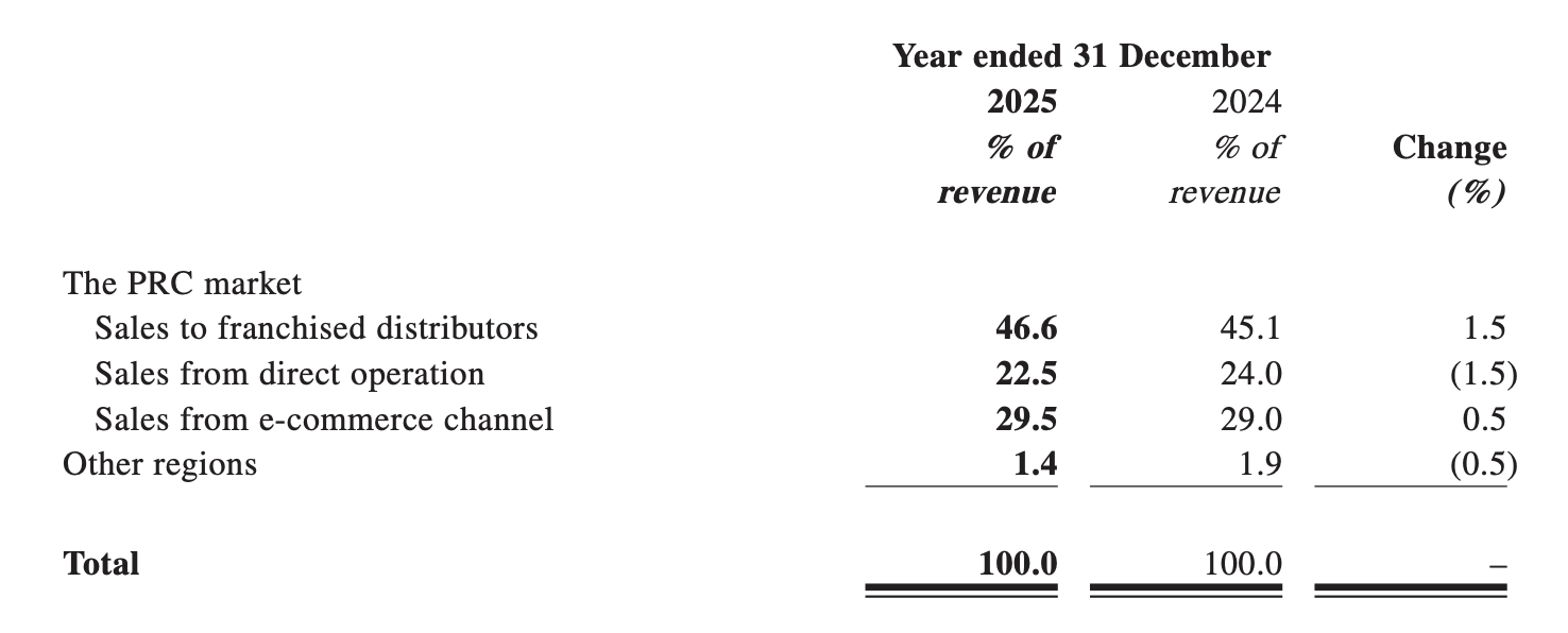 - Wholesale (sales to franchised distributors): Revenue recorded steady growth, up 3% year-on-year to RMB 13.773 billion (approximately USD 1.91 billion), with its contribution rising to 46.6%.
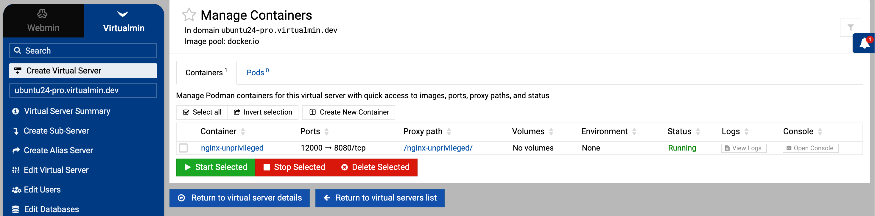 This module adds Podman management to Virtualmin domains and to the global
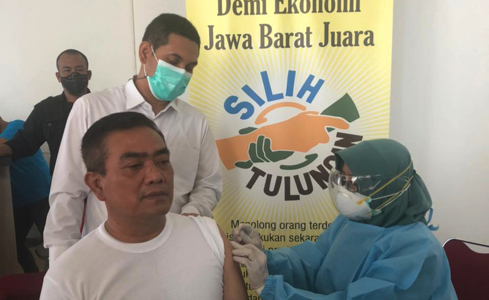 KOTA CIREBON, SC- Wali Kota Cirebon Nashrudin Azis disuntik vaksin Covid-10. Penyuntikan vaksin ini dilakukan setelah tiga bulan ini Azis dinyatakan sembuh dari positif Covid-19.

------------------------------------------------

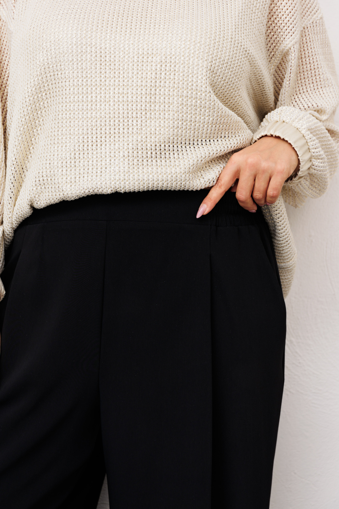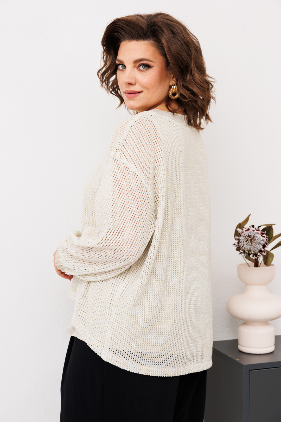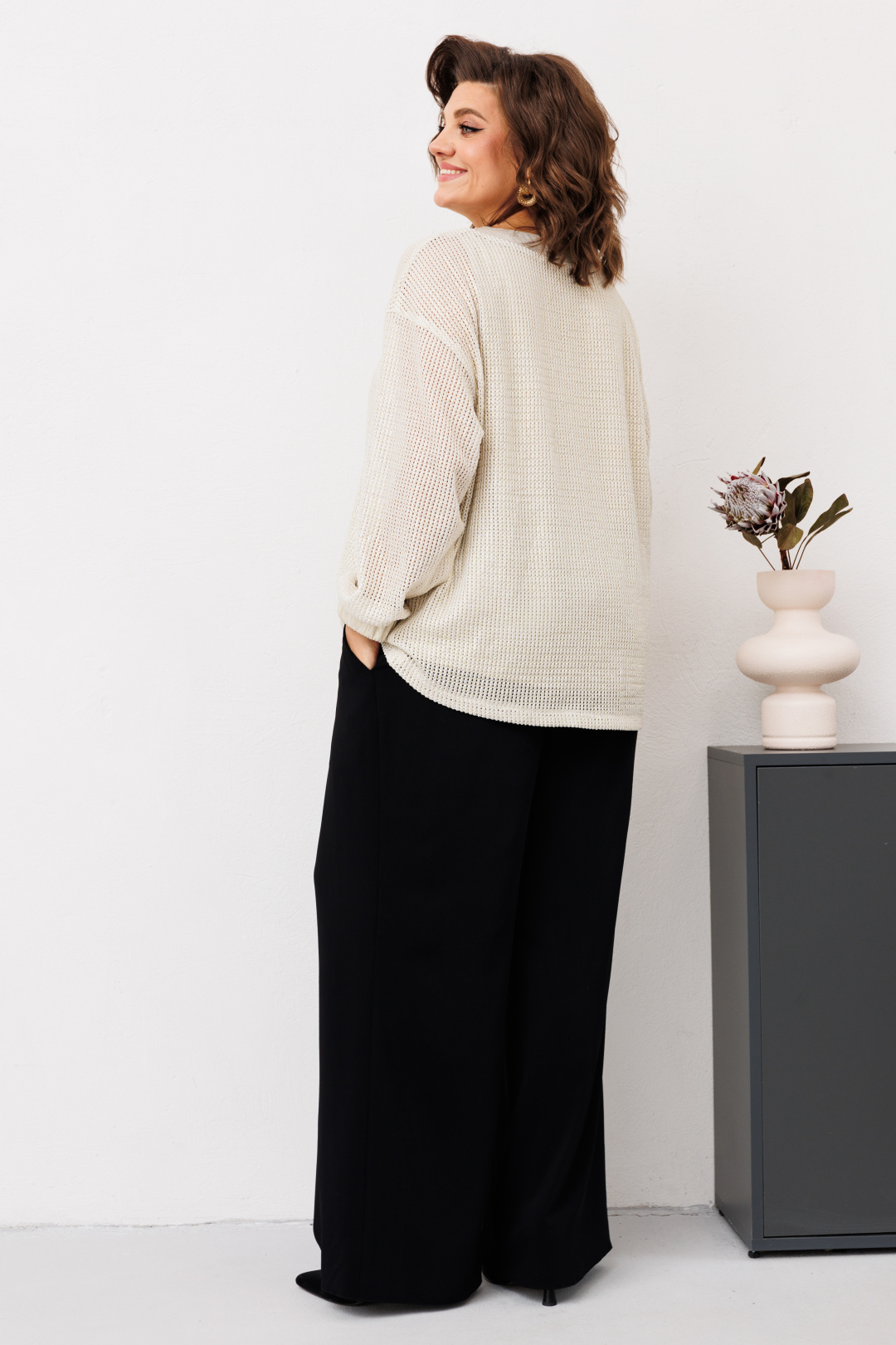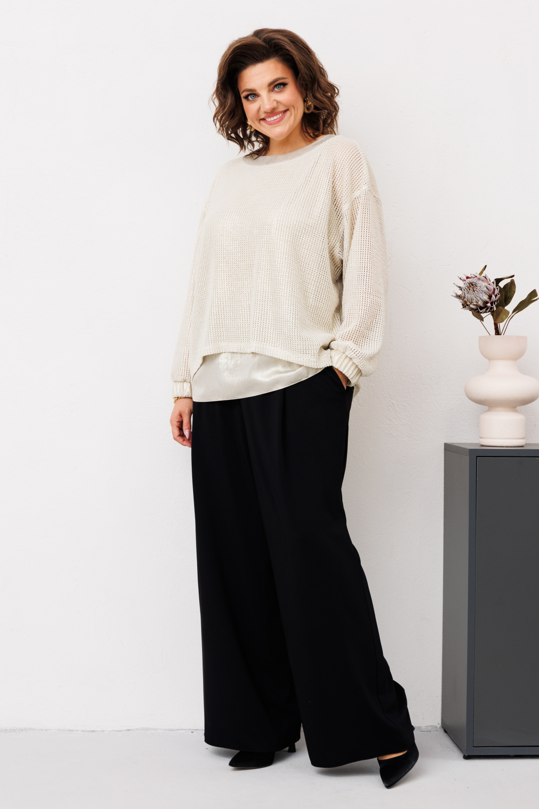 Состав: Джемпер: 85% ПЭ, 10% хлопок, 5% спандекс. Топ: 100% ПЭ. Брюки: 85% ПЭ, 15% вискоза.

------------------------------------------------

In the data above, the stretch from the line with "This module adds" through the line with "KOTA CIREBON, SC- Wali" is to be returned exactly, minus any pictures.

Output below:
 This module adds Podman management to Virtualmin domains and to the global
 KOTA CIREBON, SC- Wali Kota Cirebon Nashrudin Azis disuntik vaksin Covid-10. Penyuntikan vaksin ini dilakukan setelah tiga bulan ini Azis dinyatakan sembuh dari positif Covid-19.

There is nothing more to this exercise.